SUPPLIED DATA —
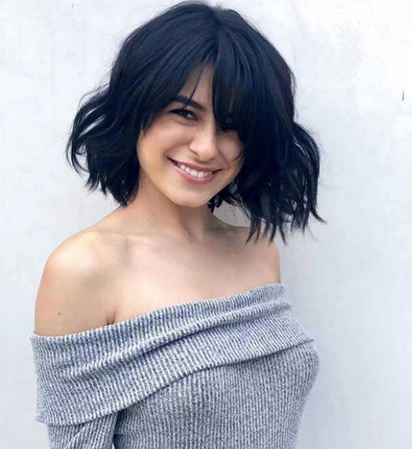 Каскад с короткой челкой может быть выполнен на среднюю длину волос или на длинные локоны. Стрижка подходит для квадратного, треугольного, овального и круглого лица. Отметим, что челка в данном случае может быть как ровной, так и рваной. Что касается укладки, то ее в данном случае можно не делать.
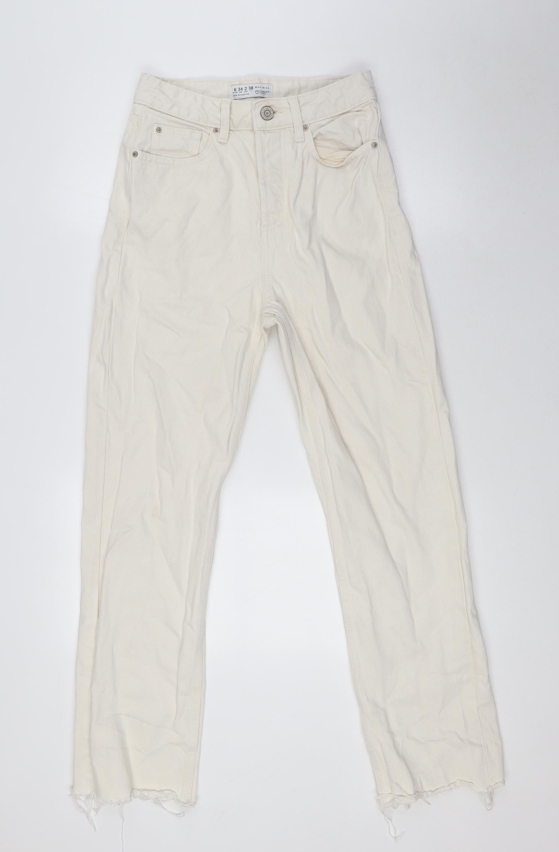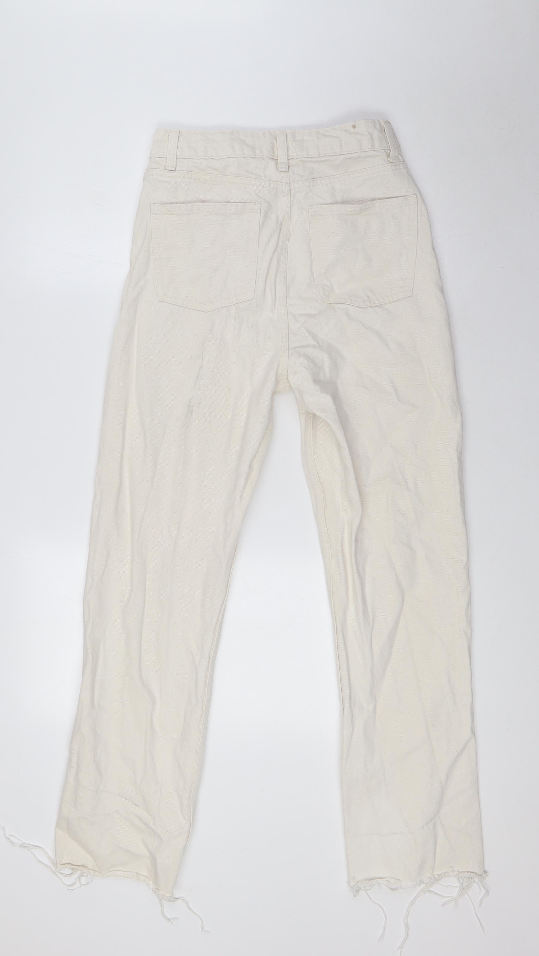Primark Womens Ivory Cotton Straight Jeans Size 6 L28 in Regular Button - Raw Hem
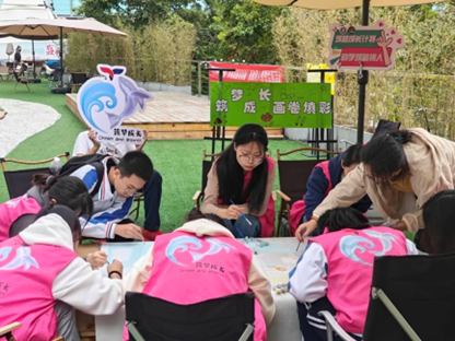 最先开始的是“筑梦成长画卷填彩”,大家一起围坐在绘画台旁填充画布。绘画台搭建在走廊的靠边一侧,项目成员们背靠着骄阳,面朝着画布,在微风的吹拂下挥动着手中的画笔,让校园的美丽渐渐显露。成员们在共同完成画卷填彩后,通过完成答题获得相应的画材:分别有团扇、油墨灯、帆布袋、画板和颜料,即刻回到大本营开展“自由绘画”创作。
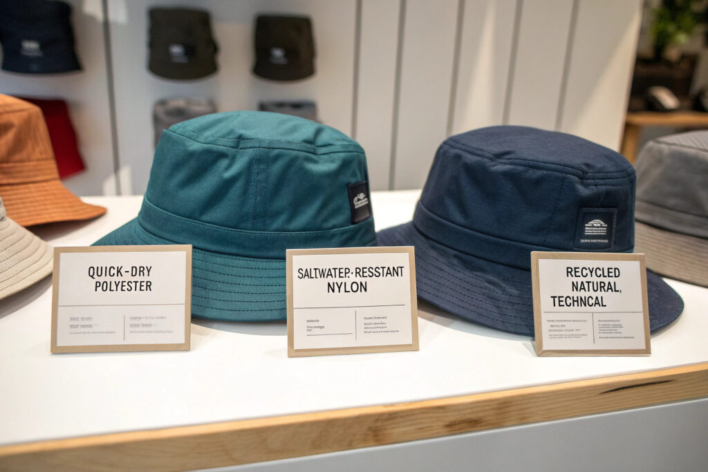 High-performance materials for surf bucket hats include technical polyester blends, specialized nylons, and natural-synthetic hybrids that offer both environmental credentials and performance benefits.

ACTION ITEM —
Repeat the listing word for word, and skip every picture it contains.

TASK OUTPUT —
 Каскад с короткой челкой может быть выполнен на среднюю длину волос или на длинные локоны. Стрижка подходит для квадратного, треугольного, овального и круглого лица. Отметим, что челка в данном случае может быть как ровной, так и рваной. Что касается укладки, то ее в данном случае можно не делать.
Primark Womens Ivory Cotton Straight Jeans Size 6 L28 in Regular Button - Raw Hem
 最先开始的是“筑梦成长画卷填彩”,大家一起围坐在绘画台旁填充画布。绘画台搭建在走廊的靠边一侧,项目成员们背靠着骄阳,面朝着画布,在微风的吹拂下挥动着手中的画笔,让校园的美丽渐渐显露。成员们在共同完成画卷填彩后,通过完成答题获得相应的画材:分别有团扇、油墨灯、帆布袋、画板和颜料,即刻回到大本营开展“自由绘画”创作。
 High-performance materials for surf bucket hats include technical polyester blends, specialized nylons, and natural-synthetic hybrids that offer both environmental credentials and performance benefits.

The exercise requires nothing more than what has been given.